GOAL OF THE EXERCISE: The output is a word-for-word repeat of the listing below, free of images.

SOURCE MATERIAL:

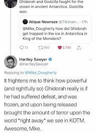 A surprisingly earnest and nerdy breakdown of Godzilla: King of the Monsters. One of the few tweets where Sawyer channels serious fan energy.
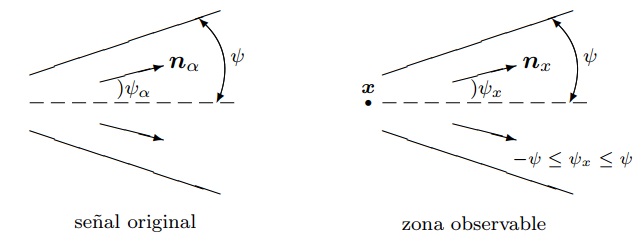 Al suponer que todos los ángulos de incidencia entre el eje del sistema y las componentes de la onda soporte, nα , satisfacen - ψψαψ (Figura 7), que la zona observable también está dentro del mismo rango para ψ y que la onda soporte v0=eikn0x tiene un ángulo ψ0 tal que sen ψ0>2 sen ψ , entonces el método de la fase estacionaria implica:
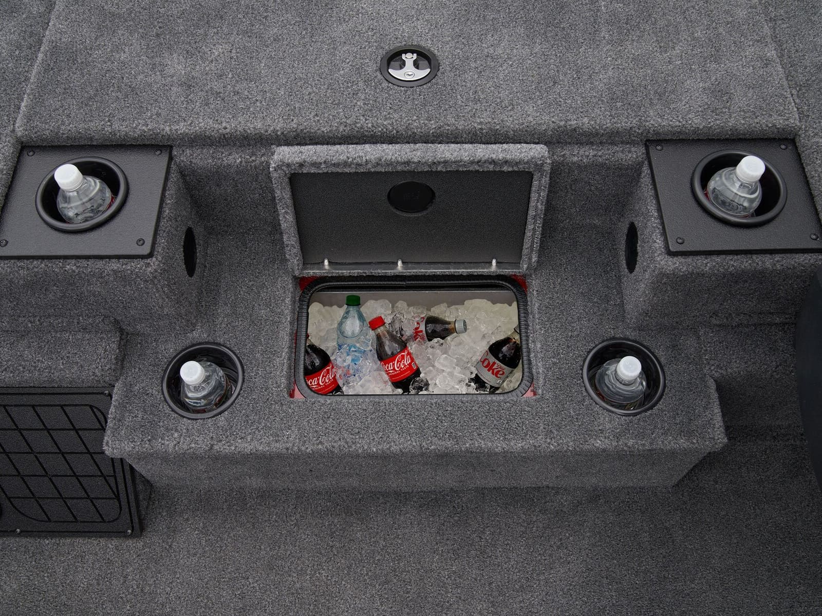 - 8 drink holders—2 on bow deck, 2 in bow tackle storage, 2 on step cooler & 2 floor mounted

TASK RESULT:
 A surprisingly earnest and nerdy breakdown of Godzilla: King of the Monsters. One of the few tweets where Sawyer channels serious fan energy.
 Al suponer que todos los ángulos de incidencia entre el eje del sistema y las componentes de la onda soporte, nα , satisfacen - ψψαψ (Figura 7), que la zona observable también está dentro del mismo rango para ψ y que la onda soporte v0=eikn0x tiene un ángulo ψ0 tal que sen ψ0>2 sen ψ , entonces el método de la fase estacionaria implica:
 - 8 drink holders—2 on bow deck, 2 in bow tackle storage, 2 on step cooler & 2 floor mounted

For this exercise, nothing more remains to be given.